Exercise brief:
Leave out the pictures, and print exactly the lines from the one holding "This salon style" through the last line of the material.

Raw data:
###
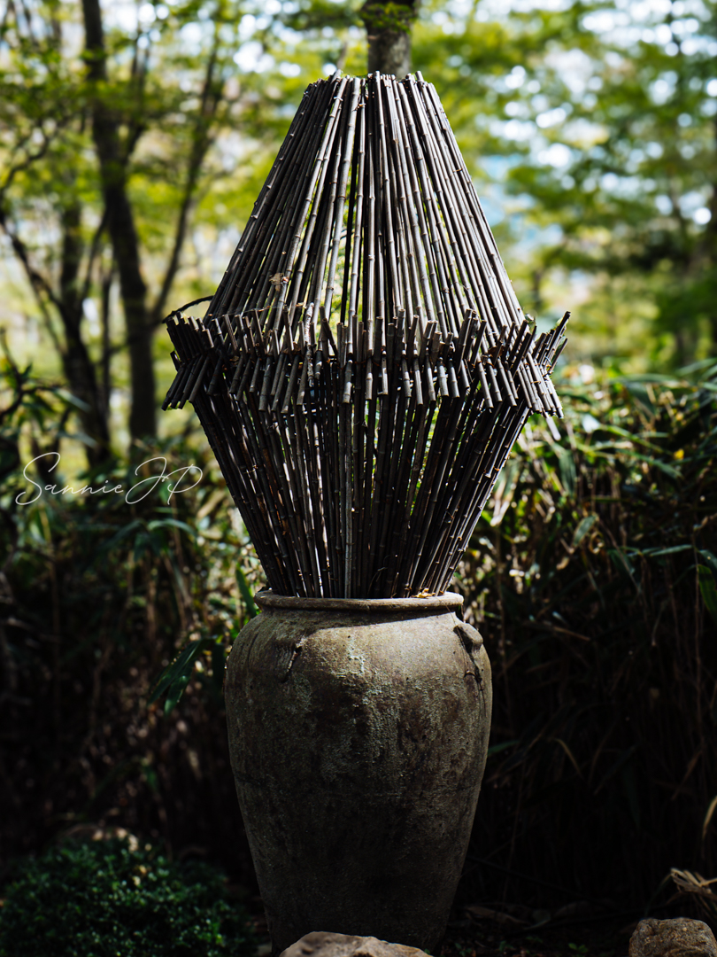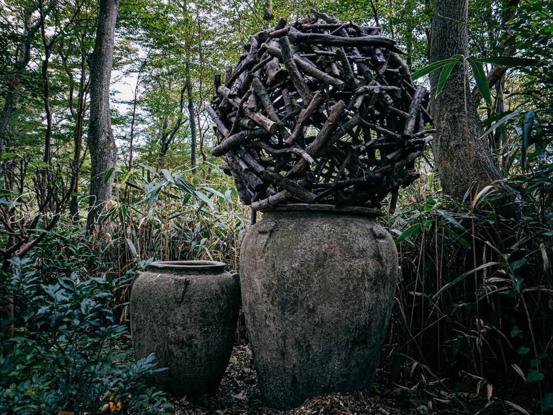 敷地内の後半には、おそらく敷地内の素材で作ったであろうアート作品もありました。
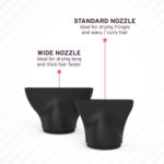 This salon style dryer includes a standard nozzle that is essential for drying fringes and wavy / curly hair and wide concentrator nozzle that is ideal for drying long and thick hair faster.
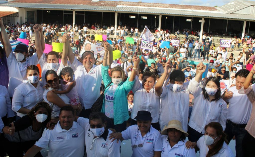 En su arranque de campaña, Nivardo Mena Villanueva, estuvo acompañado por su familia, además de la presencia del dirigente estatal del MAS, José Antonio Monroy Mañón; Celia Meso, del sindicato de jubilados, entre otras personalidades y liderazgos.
###
Output for this task:
 This salon style dryer includes a standard nozzle that is essential for drying fringes and wavy / curly hair and wide concentrator nozzle that is ideal for drying long and thick hair faster.
 En su arranque de campaña, Nivardo Mena Villanueva, estuvo acompañado por su familia, además de la presencia del dirigente estatal del MAS, José Antonio Monroy Mañón; Celia Meso, del sindicato de jubilados, entre otras personalidades y liderazgos.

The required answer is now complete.